In deference to Eric et al…
Please do not use the 12v unlimited current from a tab to case to clear (burn open) the RS-555 armature short!!
Justification is The theory of a metal flake causing the short is flawed.
I have examined lots of 550 shorted case failures at multi Regionals & championships, none had a metal flake. All had armature winding short to the metal armature at the turn around (sharpest point). None had evidence brush holder to case debris. Post test cleared the brush holder every time. Every short traced to contact to case via rotor, thru end bushings bearings.
A metal flake is highly unlikely to cause a short to CASE! wire is enamel insulated
so such a short would need to be in the brush holder tab to case in which case it would easily shake out!
The HARD short of the armature winding is another story.
It is caused by mfr relying on epoxy insulation + enamel on wire, rather than customary brown fiber covering sharp iron ends so tight wraps have a buffer.
Done to maximize copper window in small armature winding areas + save $.
Check out CIM armature brown fiber insulation use to effectively eliminate this failure mechanism.
As motors become smaller mfrs seek alternate methods like omitting fiber barrier.

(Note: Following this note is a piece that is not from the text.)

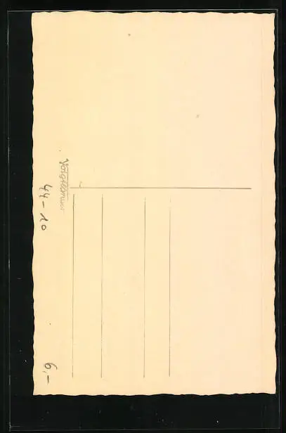 Personenbezogene Daten auf der Rückseite der Karte wurden durch blauen Textmarker unkenntlich gemacht. Die blauen Stellen sind auf die Vorderseite durchgeweicht und wirken sich negativ auf das Postkartenfoto aus

Enamel wire tightly wound over sharp cornered steel laminated in 550 armatures has extensive history of high short to case fail rate. high as 50-70% new out of boxes at Regionals where I was RI in 2011 going back to 2010
Burn open short clearing is not only DANGEROUS but also BAD fix. :ahh: :mad:
12v ~800A: blows apart offending single wire short armature to case ~debris?
This disables one armature pole reducing motor power plus asymmetrical excitation. Not something you ever want to put back into a competition robot!
Also it may set up a condition of intermittent dynamic to case continuity!
…cause now you have two burnt loose copper ends free to flip around.
In improperly geared CIM’s I’ve observed a similar gradual degradation where too high a gear ratio combined with heavy throttle by driver pushing opponents etc keeps CIM at High current, low torque part of curve too long.
Much self heating results weakening copper wire bond to commutator.
Subsequent High RPM force causes wire to detach, fly off, or high current burnout from concentrated current density in a short work weakened copper (bending back & forth), opening a pole on the armature.
The degraded motor still starts up & spins with remaining poles but at greatly decreased performance and not so smooth anymore! (& lower start-up & running torque due to lost pole)
Hint Perform Destructive Failure Analysis of failed motors as a class exercise to gain better understanding of what happened to apply forward. (destructive = observe closely then unwind the rotor carefully inspection as you go for problem areas (wire may break as you unwind). Take close up photos when you find a ‘smoking gun’, document in daily log pics & text description + hypothesize why/how it happened, then publish results.
Good luck… all teams going with RS-550’s again this year!!
Stock up on pre-tested open spares if you need capability it serves!
The Spare Parts will run out of their limited replacements EARLY!
Teams NOT using their RS-550s please Graciously bring them to regionals
to turn-in to Spare Parts to help your fellow competitors!!